*** Opening Data shown ***

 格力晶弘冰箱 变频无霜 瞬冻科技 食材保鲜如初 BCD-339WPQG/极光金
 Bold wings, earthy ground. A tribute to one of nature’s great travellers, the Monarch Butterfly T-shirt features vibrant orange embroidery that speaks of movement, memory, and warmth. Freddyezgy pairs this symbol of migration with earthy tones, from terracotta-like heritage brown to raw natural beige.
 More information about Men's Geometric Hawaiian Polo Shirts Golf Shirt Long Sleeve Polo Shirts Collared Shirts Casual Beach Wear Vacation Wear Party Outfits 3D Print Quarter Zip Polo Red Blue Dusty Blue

*** Closing Data shown ***
*** Opening Data shown ***

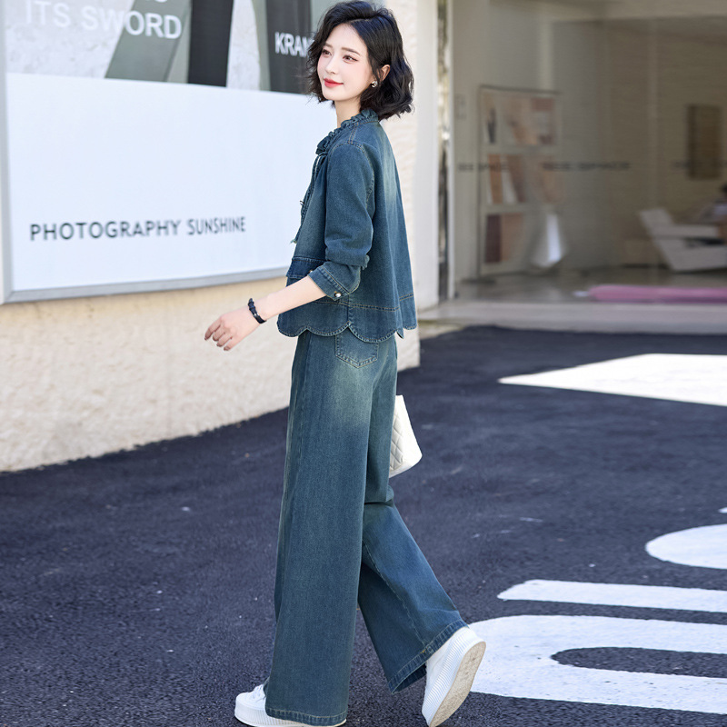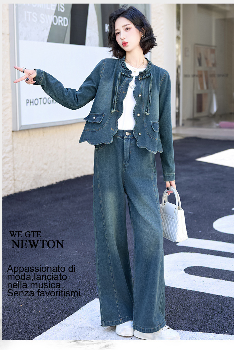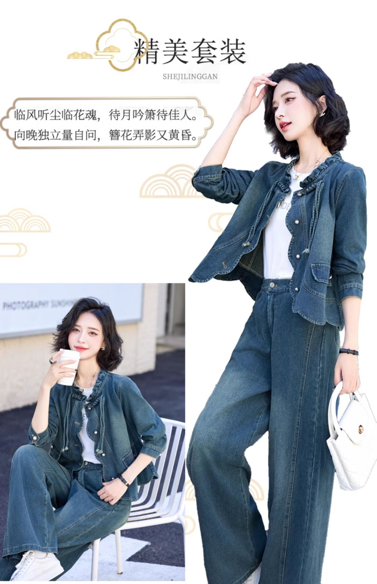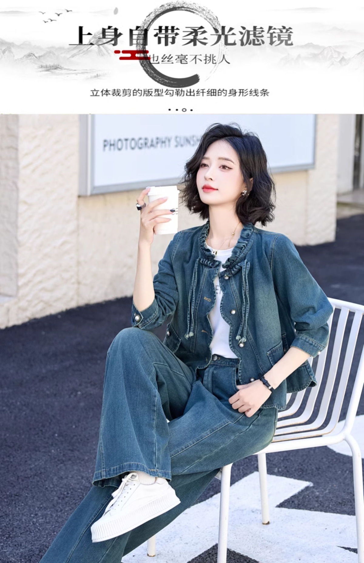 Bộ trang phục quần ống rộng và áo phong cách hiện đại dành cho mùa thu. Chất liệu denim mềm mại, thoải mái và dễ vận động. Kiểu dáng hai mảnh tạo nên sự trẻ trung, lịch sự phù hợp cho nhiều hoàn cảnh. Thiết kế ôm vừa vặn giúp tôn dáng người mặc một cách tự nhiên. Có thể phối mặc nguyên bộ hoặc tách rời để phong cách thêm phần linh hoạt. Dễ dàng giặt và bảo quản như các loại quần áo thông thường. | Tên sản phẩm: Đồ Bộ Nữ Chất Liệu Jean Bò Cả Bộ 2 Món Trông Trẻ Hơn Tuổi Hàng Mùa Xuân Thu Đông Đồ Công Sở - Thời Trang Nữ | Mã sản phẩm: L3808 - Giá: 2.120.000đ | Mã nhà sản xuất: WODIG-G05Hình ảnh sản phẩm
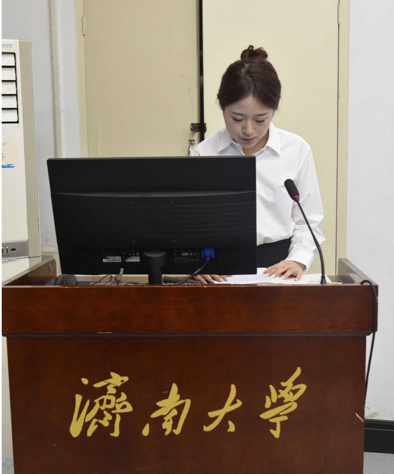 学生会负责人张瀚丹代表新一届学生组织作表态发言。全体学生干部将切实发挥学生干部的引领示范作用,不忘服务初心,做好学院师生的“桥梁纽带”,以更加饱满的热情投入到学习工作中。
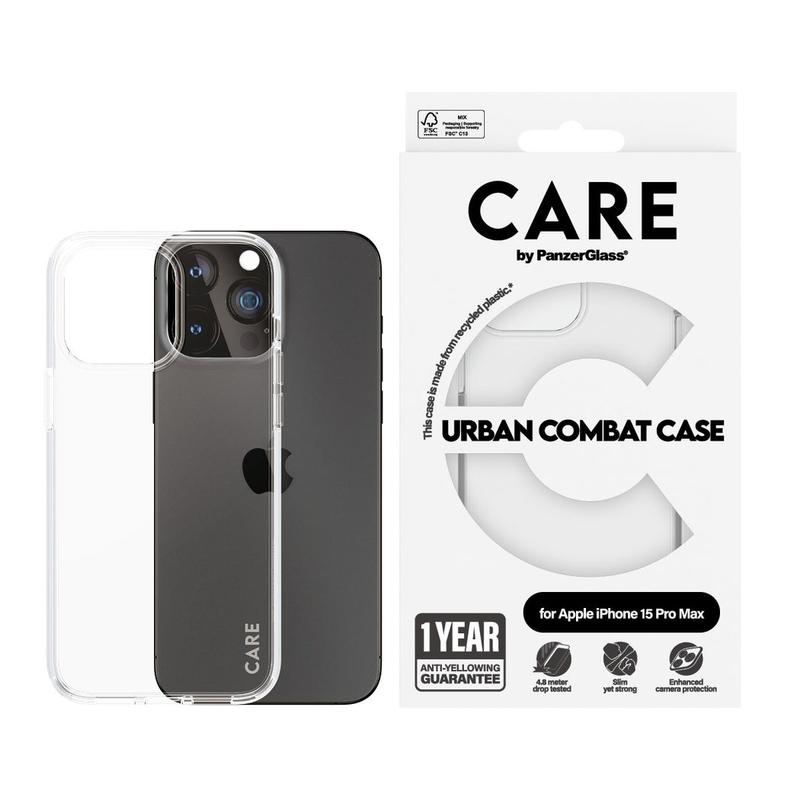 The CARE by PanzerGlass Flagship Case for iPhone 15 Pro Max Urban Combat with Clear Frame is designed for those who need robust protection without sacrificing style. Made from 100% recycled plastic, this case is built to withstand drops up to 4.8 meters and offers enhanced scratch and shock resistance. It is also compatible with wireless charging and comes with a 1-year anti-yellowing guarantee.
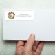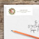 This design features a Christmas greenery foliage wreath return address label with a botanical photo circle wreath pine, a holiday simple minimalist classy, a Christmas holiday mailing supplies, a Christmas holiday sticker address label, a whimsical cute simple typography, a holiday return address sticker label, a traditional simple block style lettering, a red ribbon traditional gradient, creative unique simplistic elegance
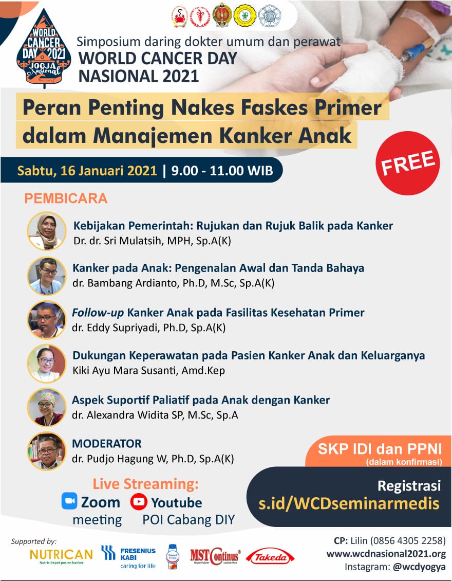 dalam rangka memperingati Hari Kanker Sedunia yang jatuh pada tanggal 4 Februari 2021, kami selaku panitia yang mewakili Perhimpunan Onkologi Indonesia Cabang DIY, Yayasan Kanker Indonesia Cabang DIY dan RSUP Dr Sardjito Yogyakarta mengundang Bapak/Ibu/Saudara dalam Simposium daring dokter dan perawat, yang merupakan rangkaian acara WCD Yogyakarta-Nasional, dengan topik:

*** Closing Data shown ***

#### Aim of the task
Restate word for word the entries above, starting at the line with "格力晶弘冰箱 变频无霜 瞬冻科技 食材保鲜如初 BCD-339WPQG/极光金" and ending at the line with "Bold wings, earthy", inclusive, and no others.

#### Solution to the problem
 格力晶弘冰箱 变频无霜 瞬冻科技 食材保鲜如初 BCD-339WPQG/极光金
 Bold wings, earthy ground. A tribute to one of nature’s great travellers, the Monarch Butterfly T-shirt features vibrant orange embroidery that speaks of movement, memory, and warmth. Freddyezgy pairs this symbol of migration with earthy tones, from terracotta-like heritage brown to raw natural beige.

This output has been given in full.